In 2015, one of my computers was blocked completely in Hangzhou – no internet access whatsoever, for a period of about six months. The same computer, taken to Wuhan, still had no access; but another computer of mine did work in Wuhan. The blocking was targeted at me – or at least, at the computer I always used.
I was more than a little incensed about the blocking at my school. Student contacts were completely disrupted, even more than usual. In class, I began telling students when I had sent an email, and asked the foreign students to tell each other about my emails, so that they might be able to send to each other. Sometimes, that worked.
Communication with students outside of the classroom was nearly impossible. This was made more ridiculous by the selectivity of the blocking – students living on campus had worse internet service than those living off campus. Sometimes. And vice versa.
The 2014 internet massacre was actually the second major interruption since 2009. In late 2012, there were similar problems – emails that never got through – without any notice, emails that took many hours to send. That was the time of the Bloomberg and the New York Times exposing the billions of dollars in family wealth accumulated by sons and family of Xi Jinping and Wen Jiabao, and CCP thought those exposès a bit … unseemly. It was at this time that google was completely blocked from China – search, email to and from.
In my case, it was not only being unable to communicate with students. I had business to conduct in Chicago, which was made impossible. Checks could not get written. Blocking was not just google, but any search, any email.
Not to sugarcoat it, but I voiced my discontent. I complained. Like voting – early and often.
The international office of our university was the natural place to go. One of my Chinese government students from Chicago was the deputy leader (second only to the party leader) and she was generally sympathetic to my occasional foreign demands. After a couple of weeks of no service, I went to her office on a Tuesday morning.
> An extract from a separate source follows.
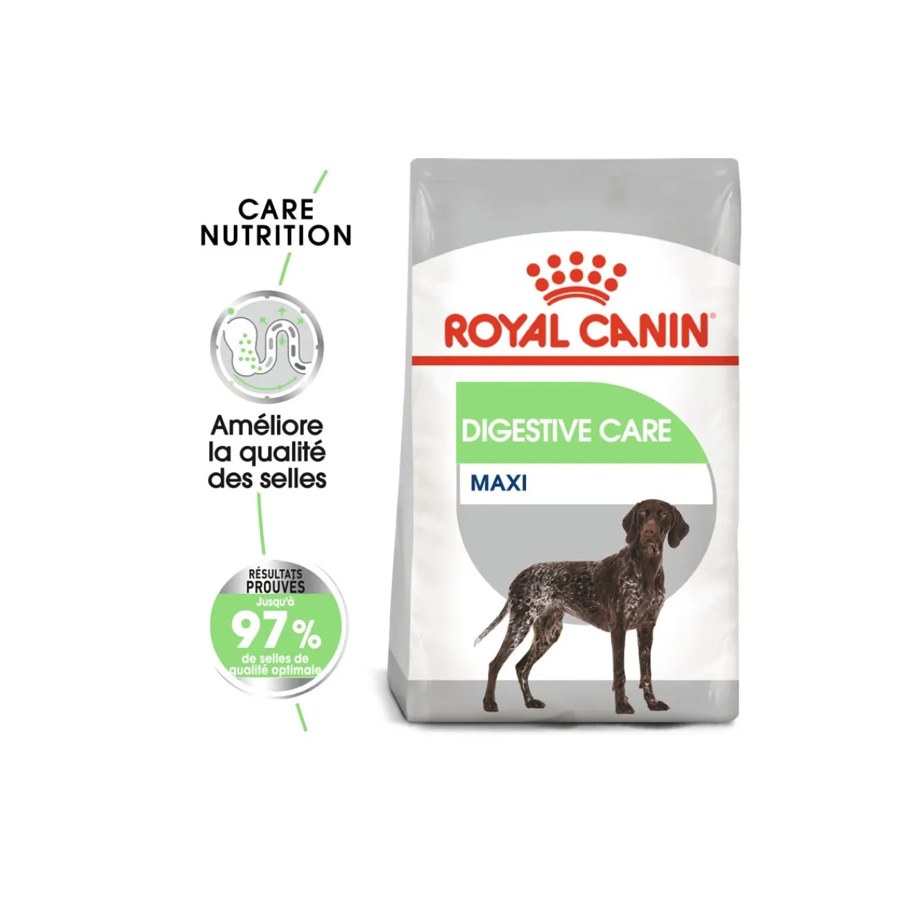 Faites-nous confiance : Dans les études internes de Royal Canin, une amélioration de la qualité des selles a été constatée dans 97 % des cas après l’alimentation avec Digestive Care Maxi, ce qui indique clairement un intestin sain. Royal Canin Digestive Care Maxi contribue ainsi au développement de selles de bonne qualité.

The excuses were pathetic – there were problems with the whole school internet server (the Chinese students had no problem). Ok. Then, just a problem for foreign internet servers in China. So why was this not a problem all over China? Then, the apologies – “I have been told it will be fixed by next Monday.” This, of course, on a Tuesday. There were five or six successive Tuesdays with this promise.
Since this was clearly a problem only at our university, I suggested some remedies. My favorite was a big, gross remedy that indicated how stupid the whole business was. The Chinese students had no problems. The school administration people had no problems. Apparently, the rest of China had no problems. A residential development about 500 meters away on the other side of some small hills had no internet access problems.
I volunteered. Ok, if this is so difficult for you to solve internally, give me 500 meters of category 5 cable, and we can string a wire from the adjacent residential development with service to the foreign faculty building. Right over the hills, bushes and all. Lay cable on the ground. Would take two guys a few hours. Inelegant, but solved.
The blocking was a problem for all the foreign faculty and the foreign students. But I was teaching major courses, not language courses, so I was more or less a leader of the foreign faculty. Sometimes leadership demands bold action.
I demanded a meeting with the university president. I pointed out that the school was really banking on a large increase in the foreign student population. I was more or less the face of the foreign presence at the school, and if I could not get internet access, all those foreign students in Germany, Indonesia, the –stans, and Africa would hear about the problems someway when I finally could get access. In any case, the blocking was a violation of my contract with the school, that internet access would be available.
After six weeks of promises about next Monday, mirabile dictu, after my meeting with the university president on a Friday, access was restored by next Monday morning.
Worked pretty well, too. Guanxi and a credible threat works wonders.